____ LISTED RECORDS

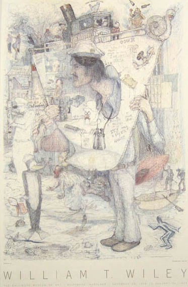 multicolor poster for William T. Wiley exhibition in Baltimore MOMA. Image: color pencil drawing of a sailor, his head through a cutout of a ship. He is surrounded by nautical imagery, light houses, penguin, fish, whales
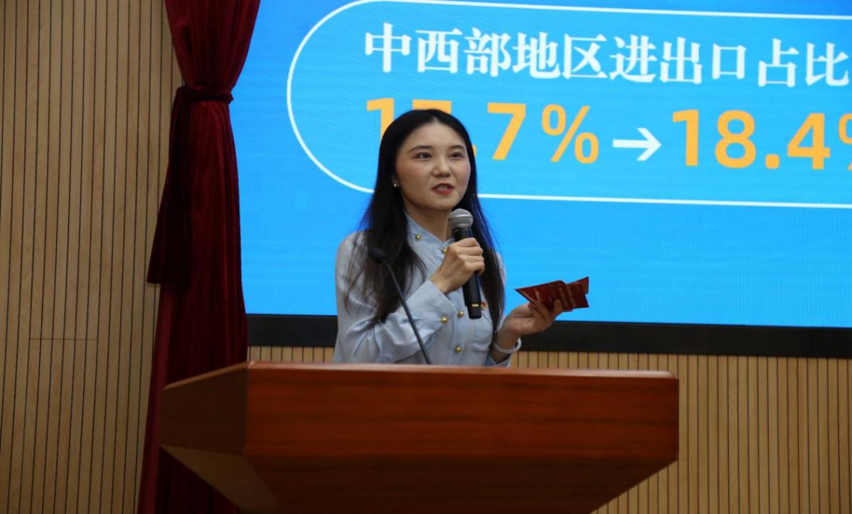 统计与信息学院“数说党史 数说中国”理论宣讲团为师生党员开设了两堂微党课。应用数学系教工党支部书记李瑞囡和应用统计专业本科生党员刘铮宇同学共同讲授“数说贸易强国”微党课,通过大量的数据展示新时代以来国家对外贸易发展的进程,在规模跃升、结构优化、高质量发展方面取得的成绩,并以详实的数据分析解读5年来学校师生在“访万企 读中国”社会调查项目中扎根企业一线接力调研,为服务贸易强国建设做出的贡献。
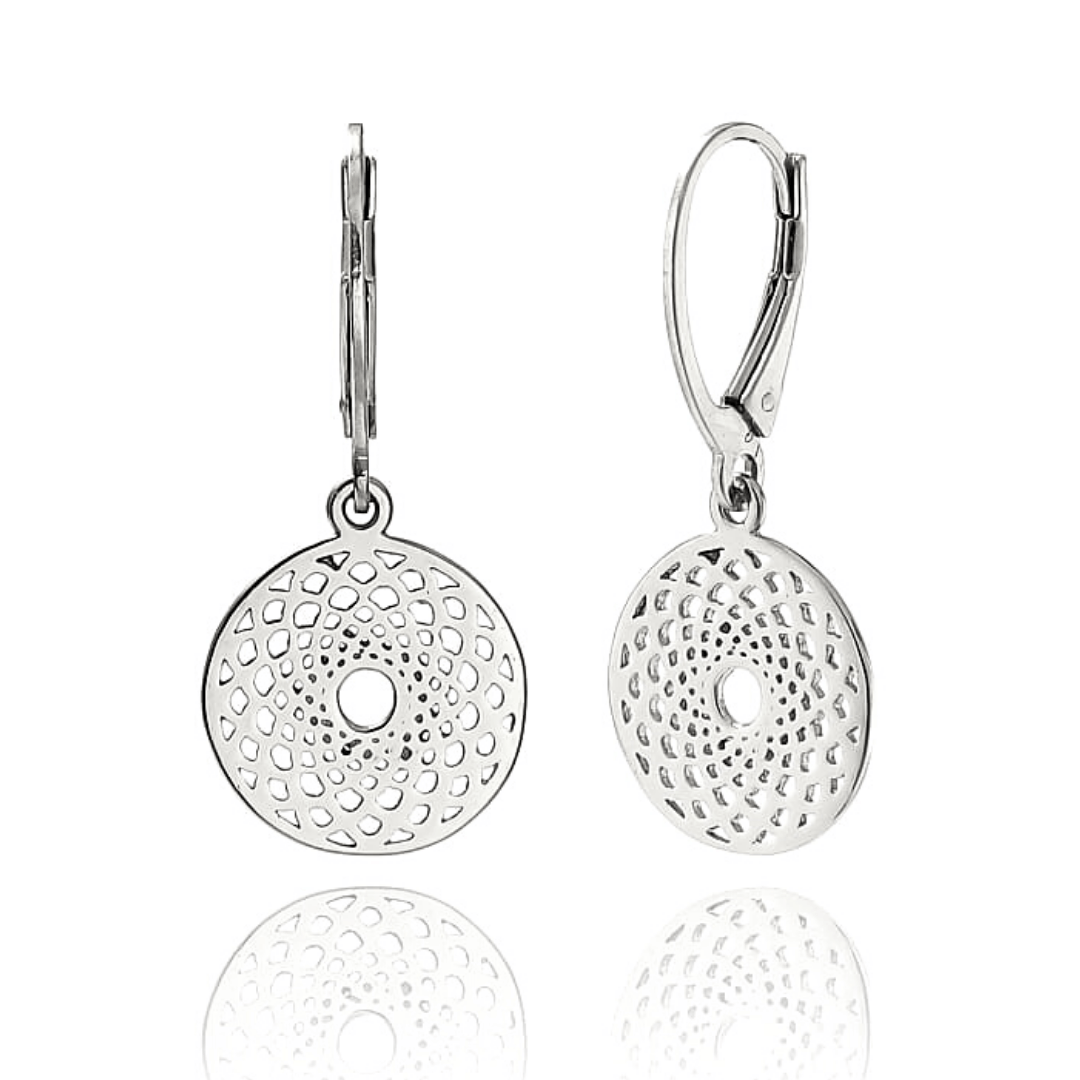 Wyjątkowe srebrne rodowane kolczyki na angielskim zapięciu z dekoracyjnymi ażurowymi kołami to propozycja, obok której nie sposób przejść obojętnie.
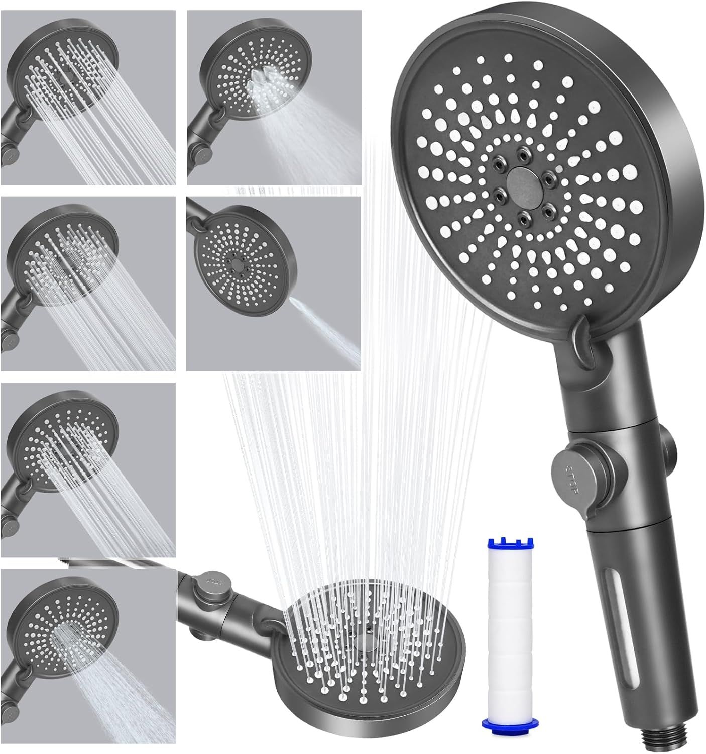 VIOU-Tête De Douche Haute Pression,Douchette À Main Avec Filtre À Eau,6 Jets Réglables,Économiseur D'Eau,Facile À Installer,Design Moderne
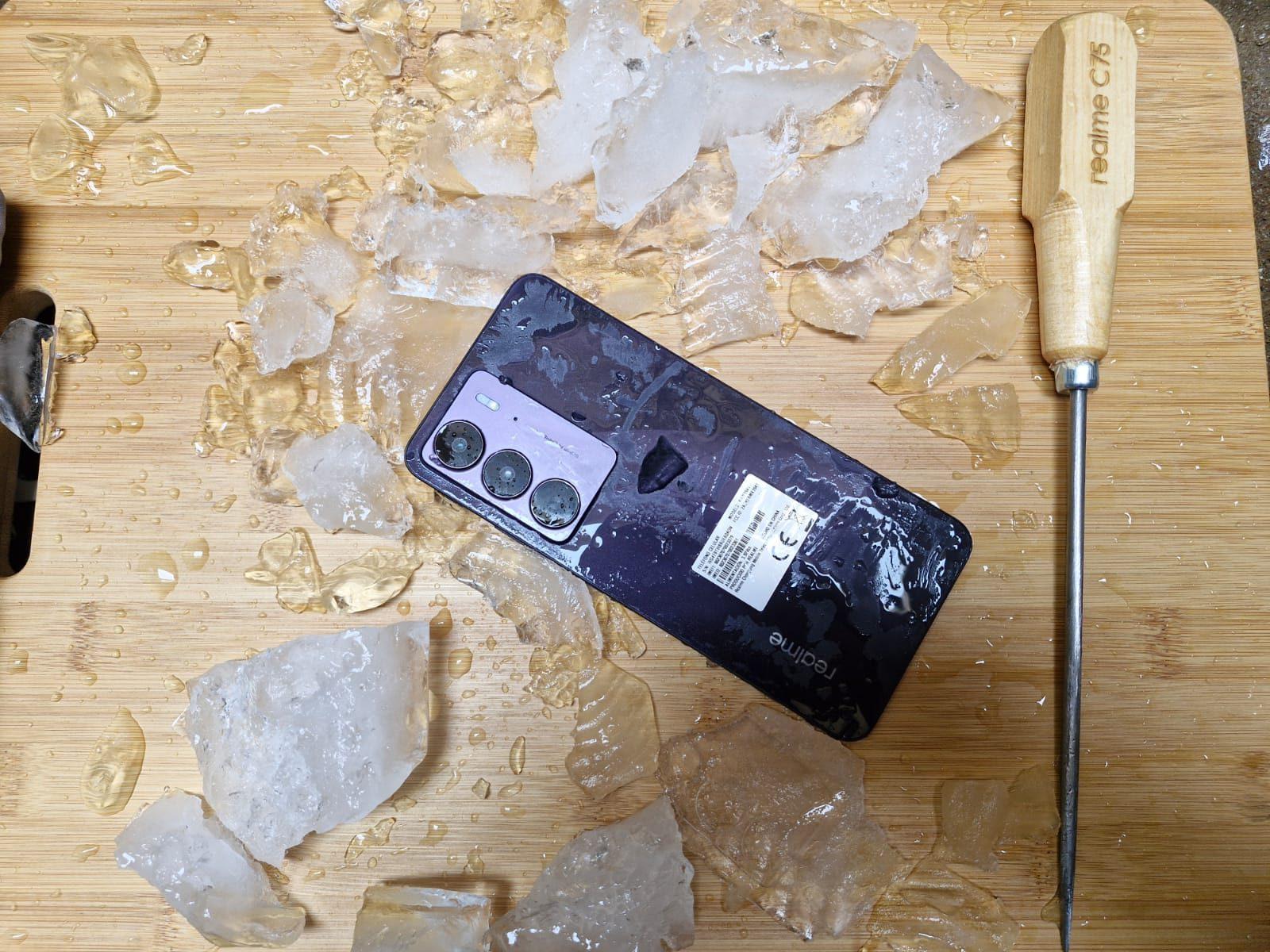 Una de las cualidades más impactantes del realme C75 es su resistencia a temperaturas extremas. Lo introduje en un recipiente con agua y lo congelé durante dos días completos, como si se tratara de una paleta.
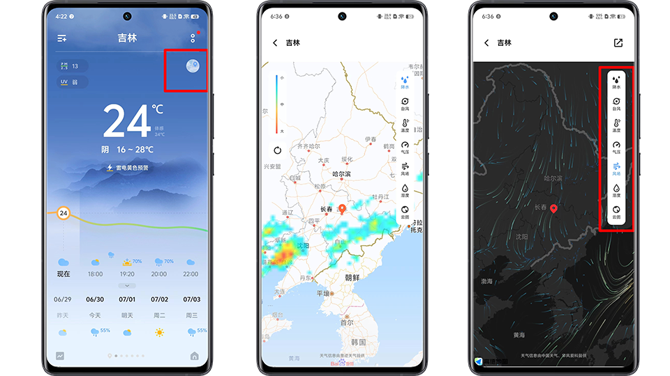 操作方法:天气-右上角“小圆圈”-点击右侧相应功能即可查看
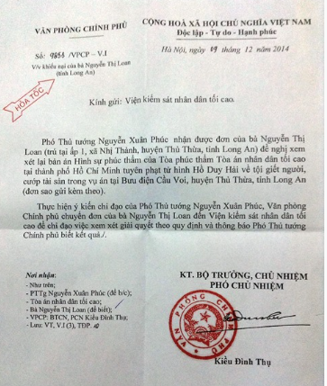 Công văn ghi rõ: “Phó Thủ tướng Nguyễn Xuân Phúc nhận được đơn của bà Nguyễn Thị L (SN 1963, ấp 1, xã Nhị Thành, Thủ Thừa, Long An) đề nghị xem xét lại bản án hình sự phúc thẩm của Tòa Phúc thẩm Tòa án Nhân dân tối cao tại Thành phố Hồ Chí Minh tuyên phạt tử hình Hồ Duy Hải về tội giết người, cướp tài sản trong vụ án tại Bưu điện Cầu Voi (huyện Thủ Thừa, tỉnh Long An).
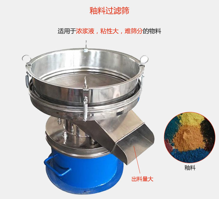 釉料過濾篩適用于:食品,陶瓷,醫藥,化工,油漆,冶金等行業廣泛應用。

________

◆ **THE TASK**
Leaving the pictures behind, return every line above exactly.

◆ **OUTPUT FOR THIS TASK**
 multicolor poster for William T. Wiley exhibition in Baltimore MOMA. Image: color pencil drawing of a sailor, his head through a cutout of a ship. He is surrounded by nautical imagery, light houses, penguin, fish, whales
 统计与信息学院“数说党史 数说中国”理论宣讲团为师生党员开设了两堂微党课。应用数学系教工党支部书记李瑞囡和应用统计专业本科生党员刘铮宇同学共同讲授“数说贸易强国”微党课,通过大量的数据展示新时代以来国家对外贸易发展的进程,在规模跃升、结构优化、高质量发展方面取得的成绩,并以详实的数据分析解读5年来学校师生在“访万企 读中国”社会调查项目中扎根企业一线接力调研,为服务贸易强国建设做出的贡献。
 Wyjątkowe srebrne rodowane kolczyki na angielskim zapięciu z dekoracyjnymi ażurowymi kołami to propozycja, obok której nie sposób przejść obojętnie.
 VIOU-Tête De Douche Haute Pression,Douchette À Main Avec Filtre À Eau,6 Jets Réglables,Économiseur D'Eau,Facile À Installer,Design Moderne
 Una de las cualidades más impactantes del realme C75 es su resistencia a temperaturas extremas. Lo introduje en un recipiente con agua y lo congelé durante dos días completos, como si se tratara de una paleta.
 操作方法:天气-右上角“小圆圈”-点击右侧相应功能即可查看
 Công văn ghi rõ: “Phó Thủ tướng Nguyễn Xuân Phúc nhận được đơn của bà Nguyễn Thị L (SN 1963, ấp 1, xã Nhị Thành, Thủ Thừa, Long An) đề nghị xem xét lại bản án hình sự phúc thẩm của Tòa Phúc thẩm Tòa án Nhân dân tối cao tại Thành phố Hồ Chí Minh tuyên phạt tử hình Hồ Duy Hải về tội giết người, cướp tài sản trong vụ án tại Bưu điện Cầu Voi (huyện Thủ Thừa, tỉnh Long An).
 釉料過濾篩適用于:食品,陶瓷,醫藥,化工,油漆,冶金等行業廣泛應用。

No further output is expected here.